“Yes” to Linux; “No” to Flash; “Possibly” to your Password…
Google’s efforts to court the business sector with its Chrome Enterprise browser continue, with a beta release of the tool’s latest version including a wide ranging batch of new features including third-party code blockers and other security mechanisms.
Chrome Enterprise, first released in August 2017, adds customisable security controls, 24/7 support, and integration with management tools, VMware Workspace ONE and Microsoft Active Directory to the Chrome browser – the world’s most widely used.
A beta of Chrome Enterprise 69 showcases what’s around the corner (a stable release is expected on September 4) and IT teams with an eye to security may appreciate what they see; not least a hostile attitude to the soon-to-die Flash player, Linux for Chromebooks support and more, including beefed up Password Alerts.
Third-party Software Blocked by Default
In Chrome 69, third-party code is now blocked by default. (Those still using software that injects code into browser processes and who need to temporarily enable access can whitelist these apps with a new ThirdPartyBlockingEnabled policy.) The company is also working on [pdf] a new security feature that blocks redirects from cross-domain iframes.
“Flash, a-ah, saviour of the universe” sang Freddie Mercury in 1980. “Flash, a-ah, he’ll save everyone of us”.

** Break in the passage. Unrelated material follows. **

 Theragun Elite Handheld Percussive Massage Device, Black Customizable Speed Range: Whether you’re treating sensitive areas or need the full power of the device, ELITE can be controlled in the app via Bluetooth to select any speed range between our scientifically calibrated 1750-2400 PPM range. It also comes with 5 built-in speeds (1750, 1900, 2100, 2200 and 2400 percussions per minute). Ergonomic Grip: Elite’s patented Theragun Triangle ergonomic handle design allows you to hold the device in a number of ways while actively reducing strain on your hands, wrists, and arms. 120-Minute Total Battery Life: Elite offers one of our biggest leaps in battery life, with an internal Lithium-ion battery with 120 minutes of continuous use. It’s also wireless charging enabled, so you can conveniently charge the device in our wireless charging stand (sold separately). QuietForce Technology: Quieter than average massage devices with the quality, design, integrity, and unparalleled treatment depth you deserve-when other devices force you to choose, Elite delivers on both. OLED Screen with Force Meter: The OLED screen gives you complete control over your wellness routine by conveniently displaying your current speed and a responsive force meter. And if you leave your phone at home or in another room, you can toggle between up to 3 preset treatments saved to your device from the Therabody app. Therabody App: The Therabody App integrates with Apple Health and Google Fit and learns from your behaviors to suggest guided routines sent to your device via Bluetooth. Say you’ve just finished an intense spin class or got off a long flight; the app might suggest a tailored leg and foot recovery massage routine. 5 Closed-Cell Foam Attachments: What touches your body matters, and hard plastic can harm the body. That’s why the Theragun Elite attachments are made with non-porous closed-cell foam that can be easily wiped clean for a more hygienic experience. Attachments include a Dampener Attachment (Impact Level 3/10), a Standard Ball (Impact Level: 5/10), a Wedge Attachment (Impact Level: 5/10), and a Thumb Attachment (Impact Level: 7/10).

Vulnerability-rife Adobe Flash, by contrast, has been a hacker honeypot for years and is set to die a death at the end of 2020. Starting in Chrome 69, sites using Flash will require users to grant explicit permission to run every time they restart their browser.
Preventing Password Reuse
Chrome 69 allows IT to put password protections in place across both Google and non-Google corporate accounts using the company’s Password Alert plug-in. When enterprise users input their passwords on websites that aren’t whitelisted by IT, or on dangerous websites, they’ll get a full-page to reset their password.

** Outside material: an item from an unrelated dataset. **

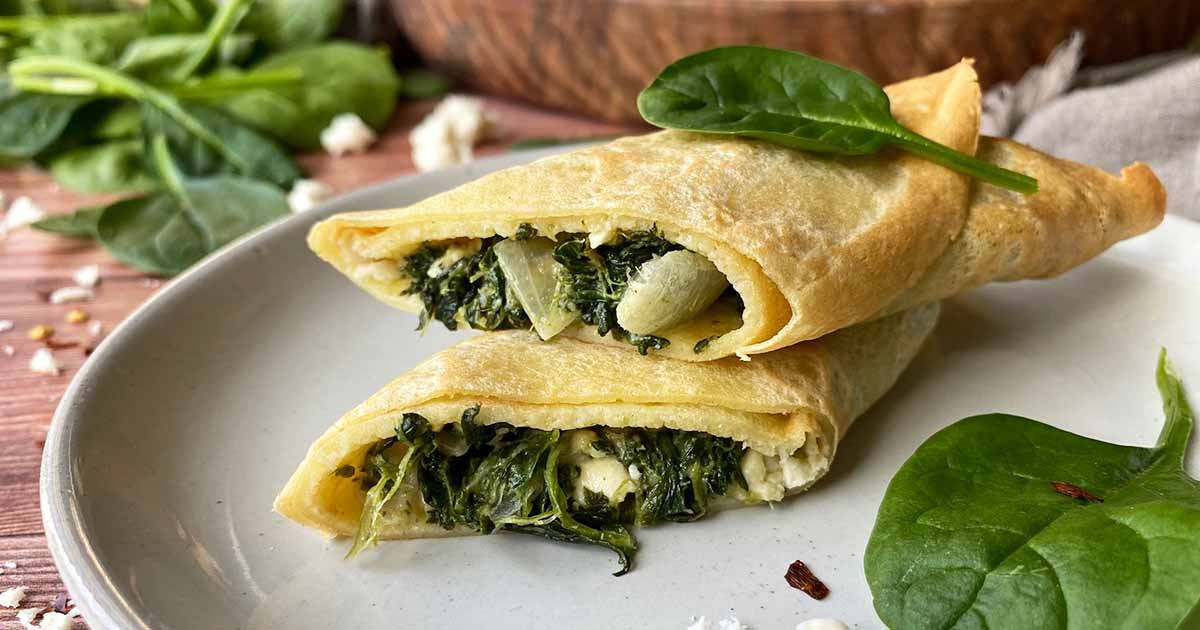 - Spoon some sautéed spinach and sprinkle feta over half of the crepe.

A new reporting tool meanwhile aims to help IT team gain insight into the browser, its resource consumption, and policy compliance. This stores users data in a local file on disk in JSON format, which IT teams can integrate with on-premise reporting and analytic tools, such as Spunk or Sumo Logic.
Voice Dictation as Separate Feature
Chrome 69 now offers dictation as a separate accessibility feature. Users can either click a new button in the status field to start dictating or press the keyboard command Search + D, then use their voice to input text.
Linux (beta) for Chromebooks Support
Linux for Chromebooks, in beta, allows developers to use their favourite editors and command-line tools by adding support for Linux apps.
As Winthrop Chan, Technical Program Manager, Chrome Enterprise, puts it: “By turning on Linux in Settings, you can get a Terminal app in your launcher and install any apps or packages from there. The apps will be securely sandboxed inside a virtual machine. By default, enrolled devices have virtual machines disabled, so Linux for Chromebooks is currently only supported on a select range of unenrolled devices. Policy support to enable this on enrolled devices will be coming in the future.”